BEGIN

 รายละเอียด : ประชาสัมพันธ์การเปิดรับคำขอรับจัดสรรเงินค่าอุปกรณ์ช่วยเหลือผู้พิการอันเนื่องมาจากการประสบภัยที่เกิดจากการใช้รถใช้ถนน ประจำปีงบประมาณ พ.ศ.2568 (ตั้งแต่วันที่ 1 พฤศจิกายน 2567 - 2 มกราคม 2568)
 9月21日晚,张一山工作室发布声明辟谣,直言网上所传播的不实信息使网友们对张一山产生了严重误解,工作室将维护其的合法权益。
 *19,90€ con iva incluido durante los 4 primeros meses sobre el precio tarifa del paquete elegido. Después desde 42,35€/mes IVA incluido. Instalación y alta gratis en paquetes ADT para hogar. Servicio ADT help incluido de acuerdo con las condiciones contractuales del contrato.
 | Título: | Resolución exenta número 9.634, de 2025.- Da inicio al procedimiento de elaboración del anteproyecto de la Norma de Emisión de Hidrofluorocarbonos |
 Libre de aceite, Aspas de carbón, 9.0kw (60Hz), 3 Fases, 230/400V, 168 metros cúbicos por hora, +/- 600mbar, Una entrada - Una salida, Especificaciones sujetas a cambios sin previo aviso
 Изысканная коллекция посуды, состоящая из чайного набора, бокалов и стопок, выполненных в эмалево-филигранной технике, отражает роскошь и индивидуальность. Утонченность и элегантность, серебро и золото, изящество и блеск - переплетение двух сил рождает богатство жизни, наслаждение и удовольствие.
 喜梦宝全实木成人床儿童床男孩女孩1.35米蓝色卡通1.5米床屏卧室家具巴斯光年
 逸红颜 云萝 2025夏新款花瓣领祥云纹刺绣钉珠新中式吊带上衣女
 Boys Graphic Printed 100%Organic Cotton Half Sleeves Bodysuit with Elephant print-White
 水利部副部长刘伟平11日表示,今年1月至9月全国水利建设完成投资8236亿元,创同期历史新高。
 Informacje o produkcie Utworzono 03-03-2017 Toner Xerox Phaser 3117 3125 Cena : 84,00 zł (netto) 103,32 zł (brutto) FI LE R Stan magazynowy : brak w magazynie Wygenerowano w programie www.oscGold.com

END

Task to carry out:
Produce an exact copy of every entry above.

Answer section:
 รายละเอียด : ประชาสัมพันธ์การเปิดรับคำขอรับจัดสรรเงินค่าอุปกรณ์ช่วยเหลือผู้พิการอันเนื่องมาจากการประสบภัยที่เกิดจากการใช้รถใช้ถนน ประจำปีงบประมาณ พ.ศ.2568 (ตั้งแต่วันที่ 1 พฤศจิกายน 2567 - 2 มกราคม 2568)
 9月21日晚,张一山工作室发布声明辟谣,直言网上所传播的不实信息使网友们对张一山产生了严重误解,工作室将维护其的合法权益。
 *19,90€ con iva incluido durante los 4 primeros meses sobre el precio tarifa del paquete elegido. Después desde 42,35€/mes IVA incluido. Instalación y alta gratis en paquetes ADT para hogar. Servicio ADT help incluido de acuerdo con las condiciones contractuales del contrato.
 | Título: | Resolución exenta número 9.634, de 2025.- Da inicio al procedimiento de elaboración del anteproyecto de la Norma de Emisión de Hidrofluorocarbonos |
 Libre de aceite, Aspas de carbón, 9.0kw (60Hz), 3 Fases, 230/400V, 168 metros cúbicos por hora, +/- 600mbar, Una entrada - Una salida, Especificaciones sujetas a cambios sin previo aviso
 Изысканная коллекция посуды, состоящая из чайного набора, бокалов и стопок, выполненных в эмалево-филигранной технике, отражает роскошь и индивидуальность. Утонченность и элегантность, серебро и золото, изящество и блеск - переплетение двух сил рождает богатство жизни, наслаждение и удовольствие.
 喜梦宝全实木成人床儿童床男孩女孩1.35米蓝色卡通1.5米床屏卧室家具巴斯光年
 逸红颜 云萝 2025夏新款花瓣领祥云纹刺绣钉珠新中式吊带上衣女
 Boys Graphic Printed 100%Organic Cotton Half Sleeves Bodysuit with Elephant print-White
 水利部副部长刘伟平11日表示,今年1月至9月全国水利建设完成投资8236亿元,创同期历史新高。
 Informacje o produkcie Utworzono 03-03-2017 Toner Xerox Phaser 3117 3125 Cena : 84,00 zł (netto) 103,32 zł (brutto) FI LE R Stan magazynowy : brak w magazynie Wygenerowano w programie www.oscGold.com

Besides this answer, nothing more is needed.